Aber nicht jeder hat die Schwimmende Stadt in einem so negativen Licht in Erinnerung. Der Schriftsteller Hatoum ging als Kind mit seinem Großvater dorthin. Ihm zufolge waren die Menschen arm, aber sie hatten Würde. Er beschreibt den Ort als lebendig, fröhlich und ausgelassen, mit Männern und Frauen in bunten Kleidern, die singen und Gitarre spielen.
„Manchmal, wenn es regnete oder der Wind wehte, schwankten die Gehwege und die auf Baumstämmen errichteten Häuser, so dass man den Eindruck hatte, den Fluss hinunterzufahren“, sagt Hatoum.
Der Abriss der schwimmenden Stadt fand in der zweiten Hälfte der 1960er Jahre statt. Der Gouverneur des Bundesstaates argumentierte, dass die Häuser unsicher seien und das Gebiet von städtebaulichen und gesundheitlichen Problemen geplagt sei. Aber es waren auch andere Interessen im Spiel. Im Jahr 1964 kam es in Brasilien zu einem Militärputsch, und die neue Regierung, die die nördlichen Grenzen des Landes stärken wollte, hatte ein starkes Interesse an der wirtschaftlichen Entwicklung des Amazonasgebiets. Zu diesem Zweck förderte sie den damals aufkeimenden Plan zur Schaffung einer Freien Wirtschaftszone in Manaus. Durch ein Programm zur Steuerbefreiung sollten Unternehmen davon überzeugt werden, ihre Fabriken dort zu errichten.
Der Fluss spielte bei diesem Plan eine wichtige Rolle. Da Manaus fast keine Straßenverbindungen mit dem Rest des Landes hatte, wurden die hergestellten Waren entlang des Amazonas in Richtung Atlantik verschifft. Und die schwimmende Stadt mit ihren Hunderten von Häusern am Hafen war ein unangenehmer Störfaktor. Daher wurden einige der glücklichen Bewohner in nahe gelegene Stadtteile umgesiedelt, wo man ihnen Häuser anbot, während andere einfach wegzogen. Dann wurden die schwimmenden Häuser abgerissen.

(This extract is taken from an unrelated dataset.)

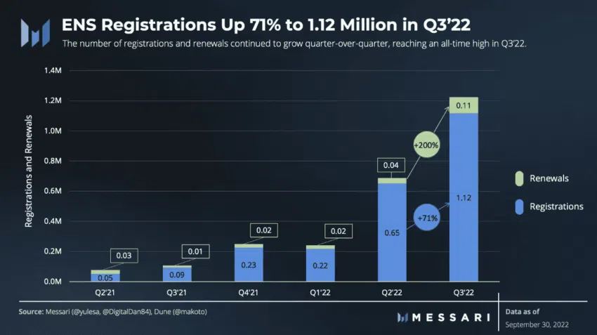 Ethereum Name Service (ENS) เป็นเวอร์ชั่นกระจายอำนาจของ Domain Name Service (DNS) สำหรับบล็อกเชน วัตถุประสงค์ของ ENS คือการทำให้ที่อยู่บล็อกเชน (โดยเฉพาะบน Ethereum) สามารถเข้าใจและอ่านได้ง่าย เนื่องจากโดเมน ENS จะมีเอกลักษณ์เฉพาะตัว มันจึงมีบทบาทสำคัญในการส่งเสริมระบบนิเวศ NFT ของ Ethereum และชื่อ ENS มีบทบาทสำคัญที่ช่วยรักษาระบบนิเวศ NFT เอาไว้ให้ไม่ตกต่ำลงในปี 2022

In gewisser Weise war der Plan der Freien Wirtschaftszone, der immer noch in Kraft ist, ein Erfolg. Er schuf Tausende von Arbeitsplätzen und brachte Geld und Wohlstand in die Stadt zurück. Die Einwohnerzahl der Stadt stieg von rund 200.000 in den 1960er Jahren auf heute mehr als zwei Millionen an. Doch neben diesen Gewinnen gab es auch Verluste. Manaus entwickelte sich zu einer Industriestadt. Der Fluss, die Bäche und die Wasserläufe wurden verschmutzt. Illegale Siedlungen schossen am Rande der Stadt wie Pilze aus dem Boden und trieben eine unkontrollierte Ausdehnung der Städte voran, die große Teile des Regenwaldes zerstörte und bis heute anhält.

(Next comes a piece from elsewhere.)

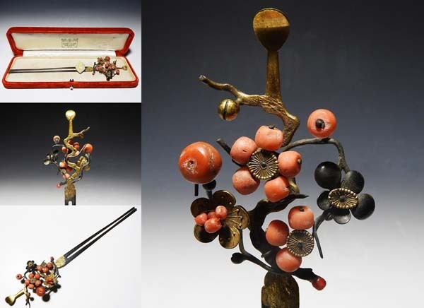 - 【桃】アンティーク髪飾り:金工純銀地鍍金に珊瑚梅の図簪

Hatoum stellt fest, dass das Ende der schwimmenden Stadt mit dieser radikalen Veränderung des Wesens von Manaus zusammenfiel. „Die schwimmende Stadt war Teil eines Manaus, das in Harmonie mit dem Fluss und der Umwelt lebte“, sagt er. „Ihre Zerstörung war symbolisch, weil damit auch die Verbindung zwischen der städtischen und der natürlichen Welt unterbrochen wurde.“
An der Stelle, an der sich die Schwimmende Stadt befand, gibt es heute einen großen Stadtmarkt und einen Hafen, in dem kleine Passagier- und Frachtboote verkehren. Es gibt keine Anzeichen mehr für den „schwimmenden Slum“, an den sich die Familie Chamma erinnert, oder für die lebendige Atmosphäre, die in Hatoums Romanen beschrieben wird. Die schwimmende Stadt lebt nur noch in ihren Erinnerungen, kleine Teile eines größeren und komplizierteren Puzzles.